» Try it
Print the records below exactly, starting at the first line and stopping after the line that contains "園博園里,小朋友挑著花燈游園。長江日報記者李永剛 攝". Leave out any pictures.

» Saved data entries
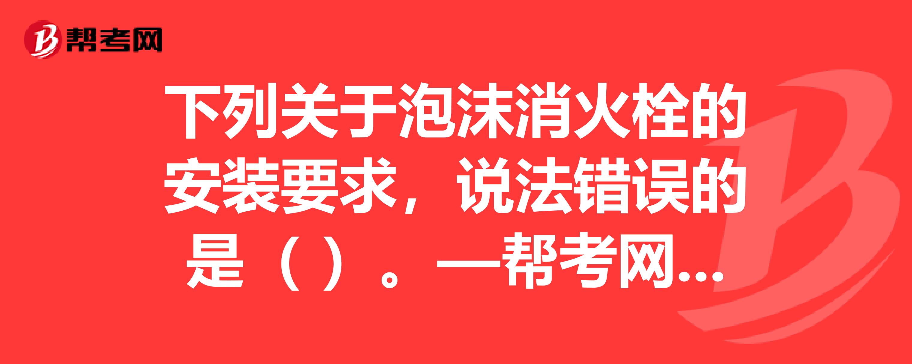 泡沫消火栓的安装要求是怎样的?:泡沫消火栓的安装要求是怎样的?泡沫消火栓主要由法兰、筒体、球阀、内接、消防管牙及端盖组成。室外管道选用地上式泡沫消火栓或地下式泡沫消火栓。室内管道选用室内泡沫消火栓或消火栓箱,2)地上式泡沫消火栓要垂直安装。地下式泡沫消火栓要安装在消火栓井内的泡沫混合液管道上,3)地上式泡沫消火栓的大口径出液口要朝向消防车道。地上式泡沫消火栓上的大口径出液口。
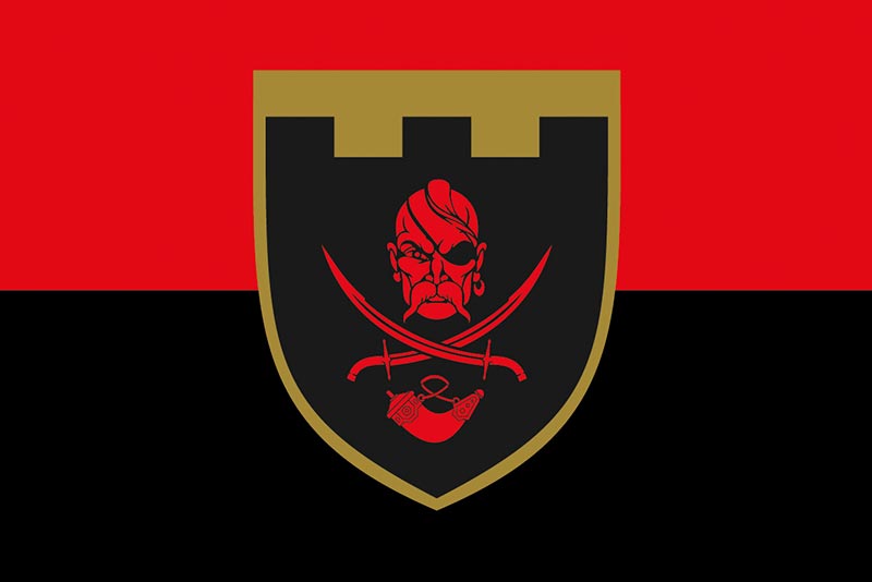 Прапор ЗСУ 129 ОБрТрО (окрема бригада територіальної оборони) червоно-чорний
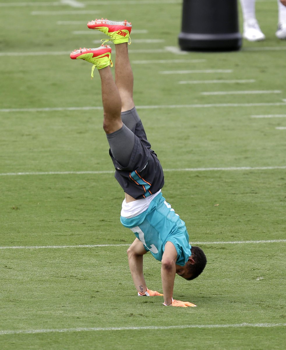 Miami Dolphins cornerback Brent Grimes does a handstand during an NFL organized team activities football practice, Tuesday, May 26, 2015, at the Dolphins training facility in Davie, Fla. (AP Photo/Wilfredo Lee)
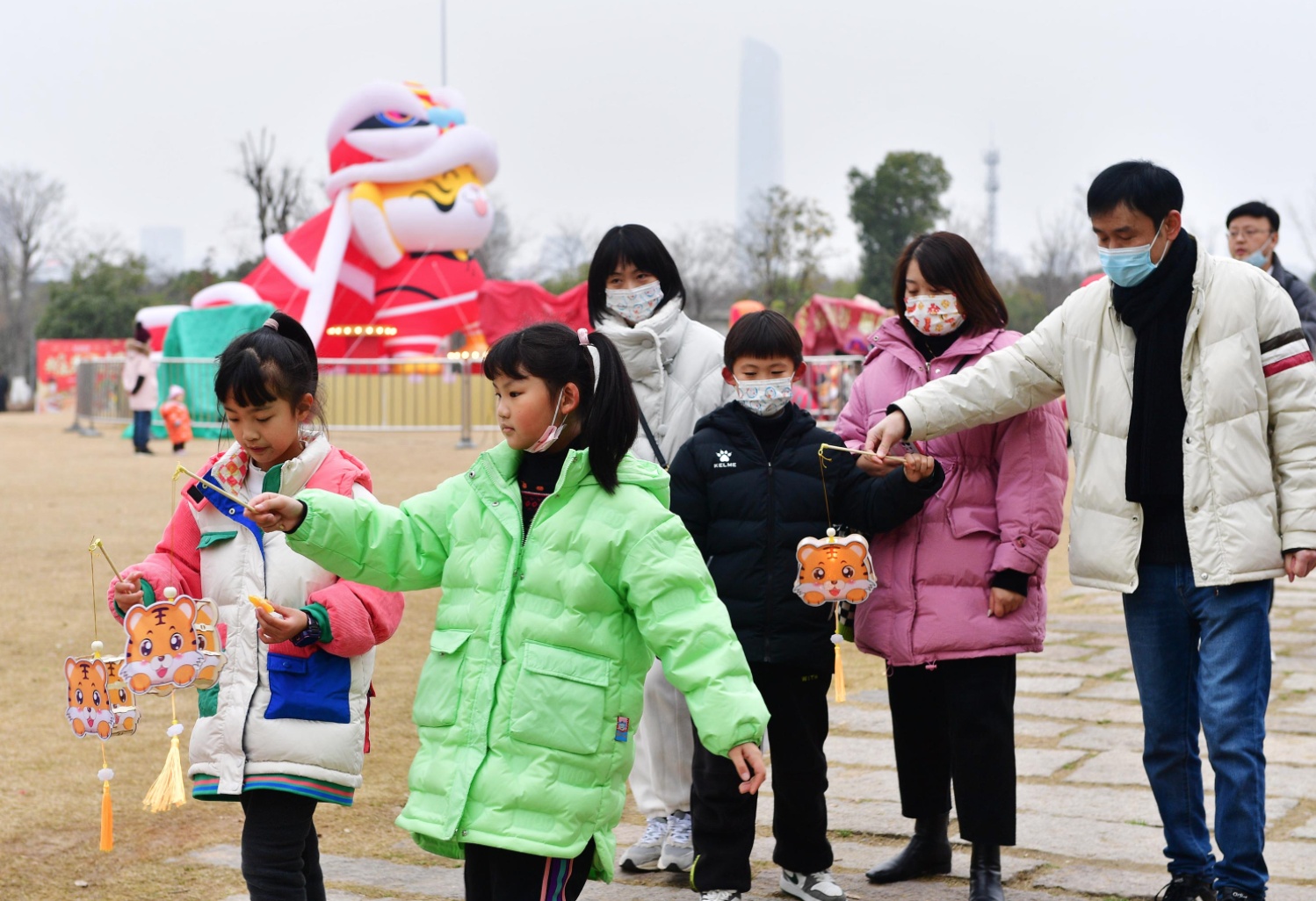 園博園里,小朋友挑著花燈游園。長江日報記者李永剛 攝
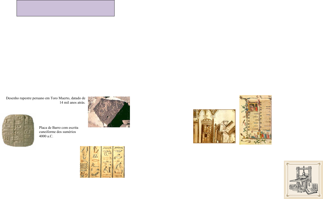 <p>Universidade Federal de Pelotas</p><p>Centro de Letras e Comunicação</p><p>Curso de Pós-Graduação em Letras</p><p>Especialização em Literatura Comparada</p><p>Metodologias do Ensino da Leitura e da Literatura</p><p>1</p><p>Pessoal,</p><p>Este material é parte de um trabalho feito para um curso dado a</p><p>distância. Apesar de ser de minha autoria, não quis alterar a</p><p>estrutura.</p><p> Leitura e Cultura</p><p> Nesta semana, começaremos a tratar do aparecimento da escrita, abordando sua</p><p>evolução ao longo da história da humanidade. Nessa esteira, refletiremos sobre</p><p>como ela chega e interfere nos rumos culturais da humanidade.</p><p>O objetivo dessa unidade é pensar sobre como o nascimento da cultura escrita</p><p>influenciou na construção da sociedade e desenvolveu novas relações entre o</p><p>homem e as produções culturais. Também vamos refletir sobre os aspectos</p><p>cognitivos e afetivos dos quais a leitura se vale.</p><p>Se a escrita nasce para facilitar as relações comerciais, em breve ela toma outro</p><p>caminho: auxilia o homem no registro de sua própria memória social e individual.</p><p>Assim, o nascimento da cultura escrita modificou as relações sociais, já que a própria</p><p>forma de manter a memória das sociedades ganhou outro formato. Nesse aspecto, a</p><p>produção escrita ganha corpo e também formas de se propagar e se perpetuar.</p><p>Desenho rupestre peruano em Toro Muerto, datado de</p><p>14 mil anos atrás.</p><p>Placa de Barro com escrita</p><p>cuneiforme dos sumérios</p><p>4000 a.C.</p><p>Escrita hieroglífica em pergaminho (Egito Antigo).</p><p>A escrita precisou de um suporte material para ser registrada. Assim, ao longo da</p><p>evolução da humanidade, o homem foi experimentando materiais diversos a fim de que</p><p>as informações veiculadas pela escrita não se perdessem. Higounet (2003) nos diz que:</p><p>Universidade Federal de Pelotas</p><p>Centro de Letras e Comunicação</p><p>Curso de Pós-Graduação em Letras</p><p>Especialização em Literatura Comparada</p><p>Metodologias do Ensino da Leitura e da Literatura</p><p>2</p><p>A pedra sempre foi o suporte por excelência das escritas monumentais. Os</p><p>hieróglifos egípcios, as inscrições hititas, os fragmentos de Biblos, os</p><p>caracteres monumentais gregos e latinos são gravados na pedra dura ou, vez</p><p>por outra, incisos em relevo. A escrita dita cuneiforme da Suméria e da Ásia</p><p>anterior era, por outro lado, preferentemente traçada em tabuletas de argila</p><p>fresca, depois cozidas ao forno. Os mais antigos caracteres chineses são</p><p>gravados no bronze ou no casco da tartaruga. No tempo de Maomé, os</p><p>árabes usavam muito ossos de camelo (p.16).</p><p>Além desses materiais duros, o autor cita ainda outros suportes que foram</p><p>utilizados para a escrita, como a madeira, a casca de árvore, as folhas de palmeira, a</p><p>tela, a seda, as peles de animais, as tabuletas de cera, o couro, a casca de bétula, o</p><p>papiro, o pergaminho e o papel. Esses três últimos são considerados os materiais mais</p><p>utilizados desde o início de nossa era (HIGOUNET, 2003, p.17).</p><p>Antes de pensarmos na invenção da prensa por Gutenberg (1390?-1468), o</p><p>homem tinha seus mecanismos de reprodução do material escrito, pois, mesmo após</p><p>abandonar os pergaminhos, a era medieval utilizava-se de mãos humanas para duplicar</p><p>e difundir a produção cultural através da atividade dos monges copistas. Ainda que o</p><p>material ficasse sob a guarda da igreja, não era proibido consultá-lo, era apenas</p><p>necessário obter permissão para ter acesso a material guardado em armários chaveados e</p><p>até acorrentados.</p><p>Iluminura</p><p>Monge Copista</p><p>Gutenberg substituiu as pranchas xilográficas por</p><p>caracteres móveis de madeira, depois pelo cobre e,</p><p>finalmente, pelo aço.</p><p>Universidade Federal de Pelotas</p><p>Centro de Letras e Comunicação</p><p>Curso de Pós-Graduação em Letras</p><p>Especialização em Literatura Comparada</p><p>Metodologias do Ensino da Leitura e da Literatura</p><p>3</p><p>Diante do fato de a cultura escrita estar sob o domínio de poucos durante muito</p><p>tempo, podemos perceber o quanto a apreensão do código escrito é importante para o</p><p>indivíduo, já que, sem esse domínio, jamais terá acesso a essa cultura. A importância da</p><p>cultura e do livro também se traduz na trajetória desse objeto que, por vezes, foi</p><p>considerado tão perigoso, pois o domínio da leitura dá ao homem a liberdade de</p><p>determinadas escolhas. A inquisição condenava não apenas pessoas perigosas, mas</p><p>livros perigosos que, em mãos erradas, poderiam causar grandes danos às leis</p><p>instituídas.</p><p>Para exemplificar, lembremos da passagem significativa de Dom Quixote, em</p><p>que sua biblioteca é condenada à fogueira por ser considerada a responsável pelo estado</p><p>mental e emocional da personagem.</p><p>“Pidió las llaves a la sobrina del aposento donde estaban los libros autores del daño, y</p><p>ella se las dio de muy buena gana” (CERVANTES, 2004, p. 50).</p><p>Atualmente, a escola é a responsável pelo acesso ao código escrito, pelo</p><p>letramento. Evidentemente que o trabalho da escola deve ir além do ensino da apreensão</p><p>do significado do código escrito, já que necessita proporcionar ao aluno o acesso a</p><p>diferentes gêneros discursivos, a fim de que ele seja um leitor crítico. Sabemos que há</p><p>uma relação intrínseca entre escrita e leitura, entretanto, devemos realizar a</p><p>diferenciação entre elas. Fischer (2006), em seu livro História da leitura, ressalta as</p><p>diferenças entre as duas habilidades de forma didática, poética e precisa:</p><p>Apesar de a leitura e a escrita estarem plenamente relacionadas, a leitura é,</p><p>na verdade, a antítese da escrita. Na realidade, cada uma ativ

» Task output
 泡沫消火栓的安装要求是怎样的?:泡沫消火栓的安装要求是怎样的?泡沫消火栓主要由法兰、筒体、球阀、内接、消防管牙及端盖组成。室外管道选用地上式泡沫消火栓或地下式泡沫消火栓。室内管道选用室内泡沫消火栓或消火栓箱,2)地上式泡沫消火栓要垂直安装。地下式泡沫消火栓要安装在消火栓井内的泡沫混合液管道上,3)地上式泡沫消火栓的大口径出液口要朝向消防车道。地上式泡沫消火栓上的大口径出液口。
 Прапор ЗСУ 129 ОБрТрО (окрема бригада територіальної оборони) червоно-чорний
 Miami Dolphins cornerback Brent Grimes does a handstand during an NFL organized team activities football practice, Tuesday, May 26, 2015, at the Dolphins training facility in Davie, Fla. (AP Photo/Wilfredo Lee)
 園博園里,小朋友挑著花燈游園。長江日報記者李永剛 攝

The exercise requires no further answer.